• [Assigned task] Word for word, reproduce the records, keeping none of the pictures.

**** Records provided ****

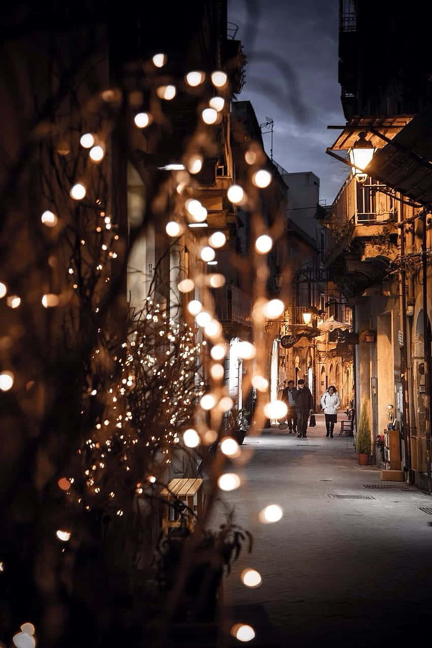A String Of Pink Fairy Lights Blossoming In The Night Wallpaper -
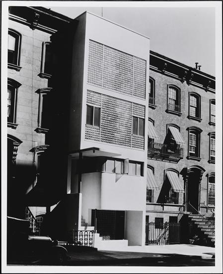 [Back exterior view of the Lescaze home, 211 East 48th Street.]
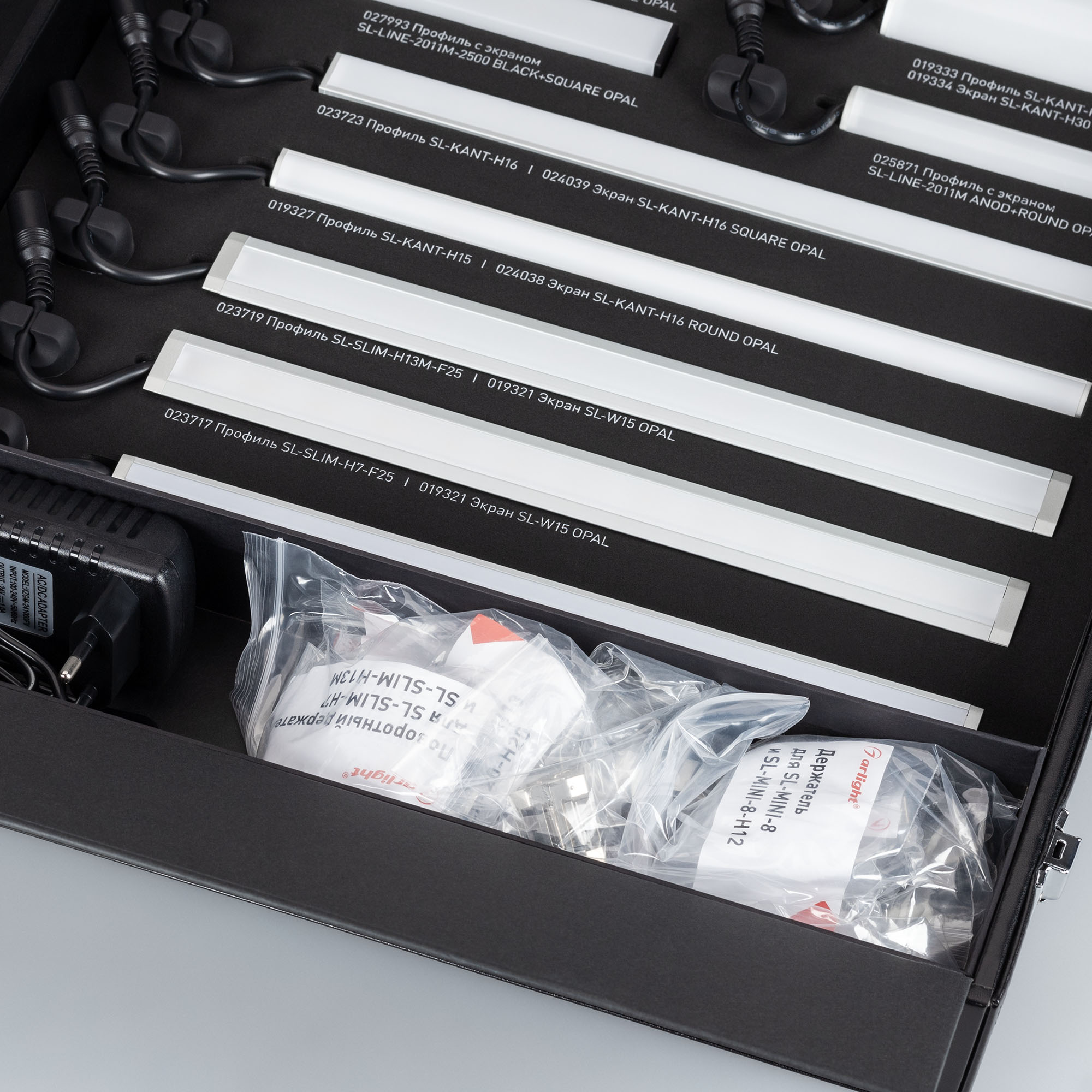 Демонстрационный набор образцов профиля SL-LINE-2011, SL-KANT-H16/H30, SL-SLIM/SLIM20, SL-MINI-8 в комплекте с экранами, светодиодной лентой напряжением 24В, заглушками, держателями. В комплекте идет блок питания для демонстрационного подключения.
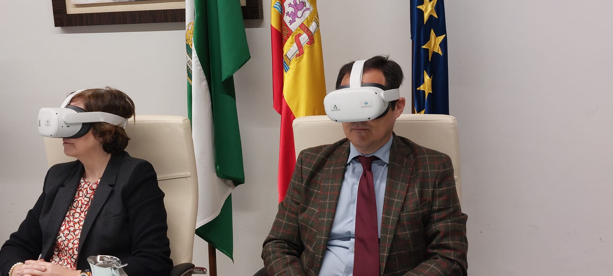 Tres de los jóvenes que han participado en el proyecto han viajado a Sevilla, junto a la delegada territorial de Justicia, Rebeca Gómez, el director del CIMI, Daniel Cuadra, un monitor y una educadora del mismo, para enseñarle personalmente al consejero el resultado. Nieto ha disfrutado de la experiencia inmersiva de recorrer las diferentes estancias del Castillo de Vélez-Blanco y ha felicitado a los jóvenes por el trabajo realizado, fruto de un convenio de colaboración con el Ayuntamiento de Vélez-Blanco para la recreación virtual de los principales monumentos del municipio.
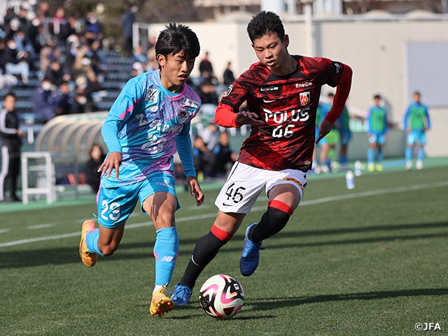 第1試合は立ち上がりから浦和レッズジュニアユース(関東7/埼玉)が見せ場をつくりました。「相手は守備がコンパクトなチームだったので、サイドから攻めることを意識していた」と話す岩﨑篤斗選手は、センターバックでコンビを組む松坂碧生選手同様、ボールを持ったらサイドにロングボールを展開。左サイドの笠間遼世選手が仕掛け、サガン鳥栖U-15(九州3/佐賀)を押し込ましたが、GK梅崎正基選手の牙城を崩せず、スコアレスのまま前半を終えました。

****

• [Expected output]
A String Of Pink Fairy Lights Blossoming In The Night Wallpaper -
 [Back exterior view of the Lescaze home, 211 East 48th Street.]
 Демонстрационный набор образцов профиля SL-LINE-2011, SL-KANT-H16/H30, SL-SLIM/SLIM20, SL-MINI-8 в комплекте с экранами, светодиодной лентой напряжением 24В, заглушками, держателями. В комплекте идет блок питания для демонстрационного подключения.
 Tres de los jóvenes que han participado en el proyecto han viajado a Sevilla, junto a la delegada territorial de Justicia, Rebeca Gómez, el director del CIMI, Daniel Cuadra, un monitor y una educadora del mismo, para enseñarle personalmente al consejero el resultado. Nieto ha disfrutado de la experiencia inmersiva de recorrer las diferentes estancias del Castillo de Vélez-Blanco y ha felicitado a los jóvenes por el trabajo realizado, fruto de un convenio de colaboración con el Ayuntamiento de Vélez-Blanco para la recreación virtual de los principales monumentos del municipio.
 第1試合は立ち上がりから浦和レッズジュニアユース(関東7/埼玉)が見せ場をつくりました。「相手は守備がコンパクトなチームだったので、サイドから攻めることを意識していた」と話す岩﨑篤斗選手は、センターバックでコンビを組む松坂碧生選手同様、ボールを持ったらサイドにロングボールを展開。左サイドの笠間遼世選手が仕掛け、サガン鳥栖U-15(九州3/佐賀)を押し込ましたが、GK梅崎正基選手の牙城を崩せず、スコアレスのまま前半を終えました。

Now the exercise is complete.